From the first line of the listing below to the line with "The holiday home", print each line exactly, and nothing more. Leave out the pictures.

------------

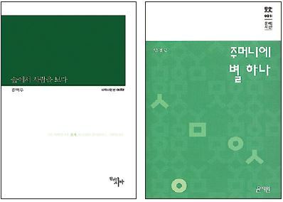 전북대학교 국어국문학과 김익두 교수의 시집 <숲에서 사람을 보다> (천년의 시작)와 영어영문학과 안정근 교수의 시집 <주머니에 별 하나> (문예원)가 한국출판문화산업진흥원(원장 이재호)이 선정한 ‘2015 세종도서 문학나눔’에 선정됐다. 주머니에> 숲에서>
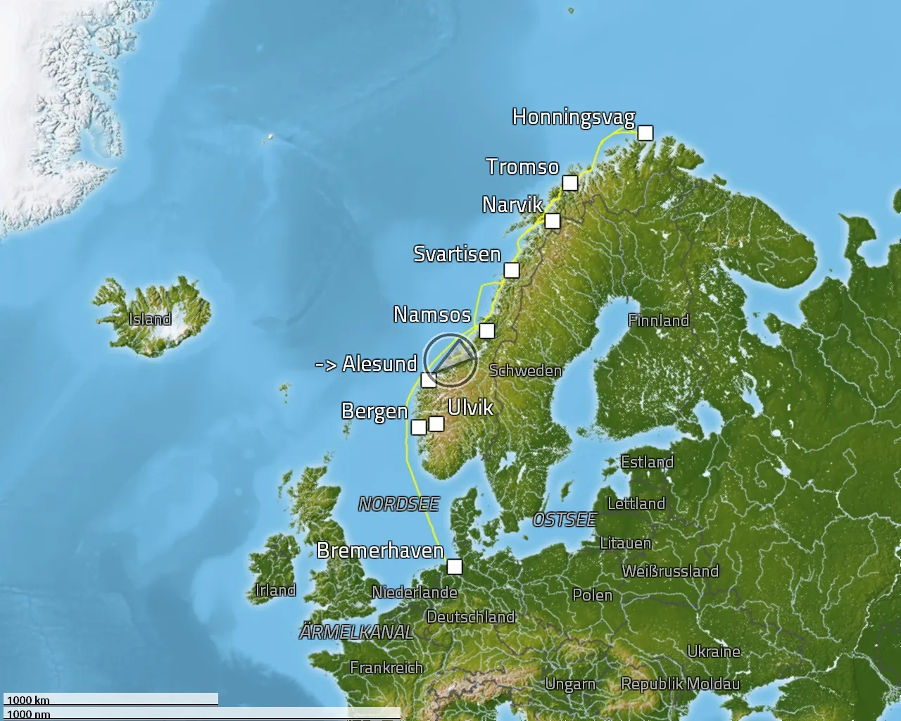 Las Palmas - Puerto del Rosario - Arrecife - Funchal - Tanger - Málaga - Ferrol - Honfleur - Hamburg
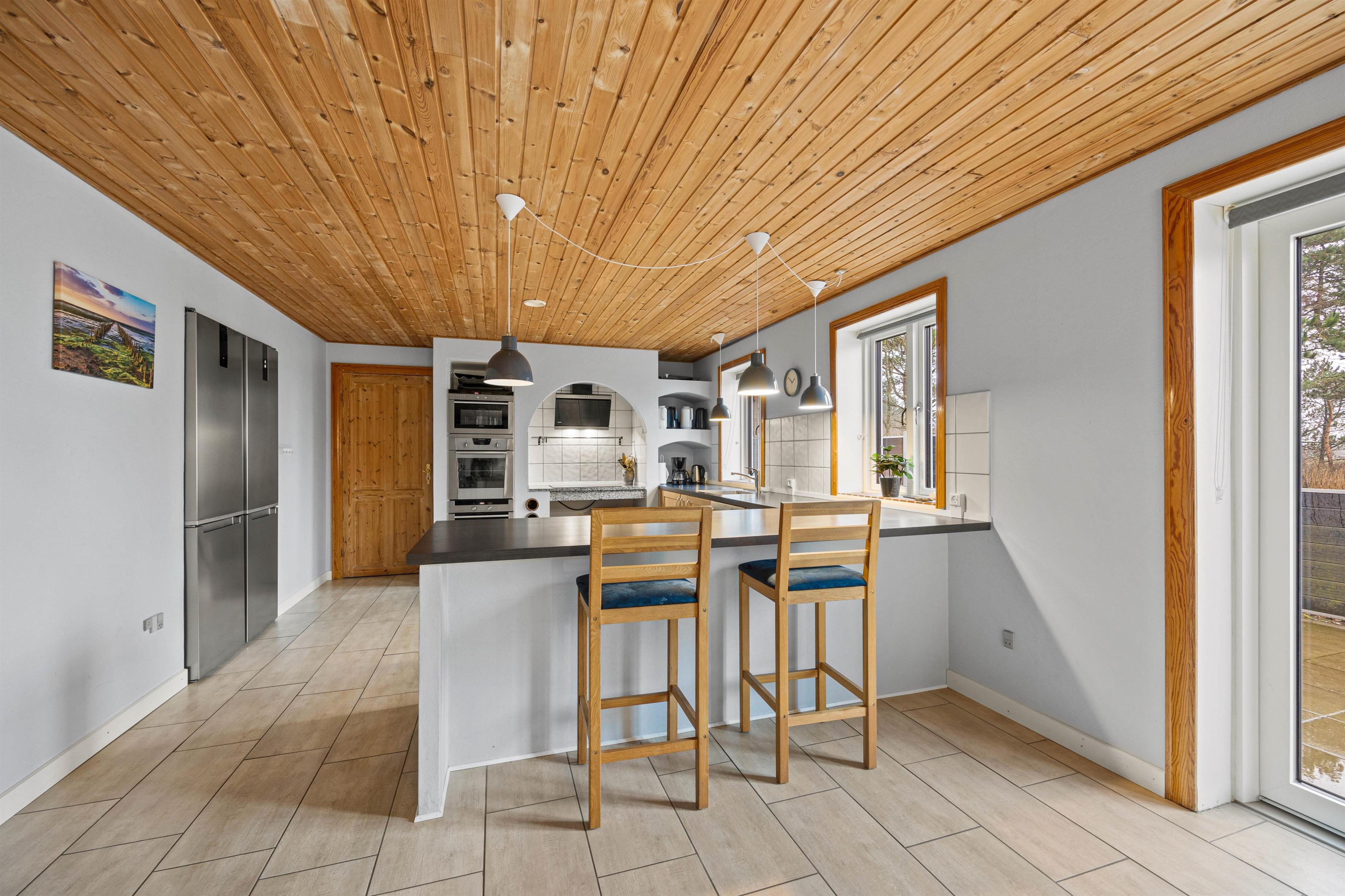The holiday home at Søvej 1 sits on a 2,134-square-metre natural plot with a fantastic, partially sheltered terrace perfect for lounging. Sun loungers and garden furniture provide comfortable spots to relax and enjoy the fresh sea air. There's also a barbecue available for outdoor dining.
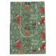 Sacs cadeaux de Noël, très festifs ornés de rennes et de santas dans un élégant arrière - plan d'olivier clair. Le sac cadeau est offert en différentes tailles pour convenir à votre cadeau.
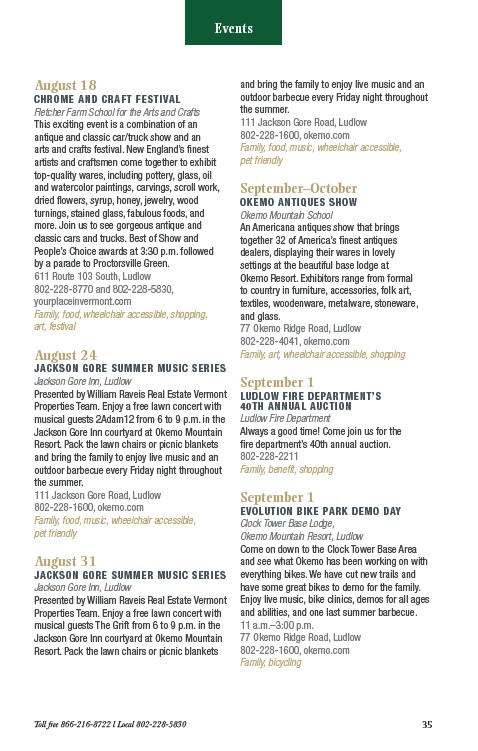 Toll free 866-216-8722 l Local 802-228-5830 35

------------

• ANSWER BOX
 전북대학교 국어국문학과 김익두 교수의 시집 <숲에서 사람을 보다> (천년의 시작)와 영어영문학과 안정근 교수의 시집 <주머니에 별 하나> (문예원)가 한국출판문화산업진흥원(원장 이재호)이 선정한 ‘2015 세종도서 문학나눔’에 선정됐다. 주머니에> 숲에서>
 Las Palmas - Puerto del Rosario - Arrecife - Funchal - Tanger - Málaga - Ferrol - Honfleur - Hamburg
The holiday home at Søvej 1 sits on a 2,134-square-metre natural plot with a fantastic, partially sheltered terrace perfect for lounging. Sun loungers and garden furniture provide comfortable spots to relax and enjoy the fresh sea air. There's also a barbecue available for outdoor dining.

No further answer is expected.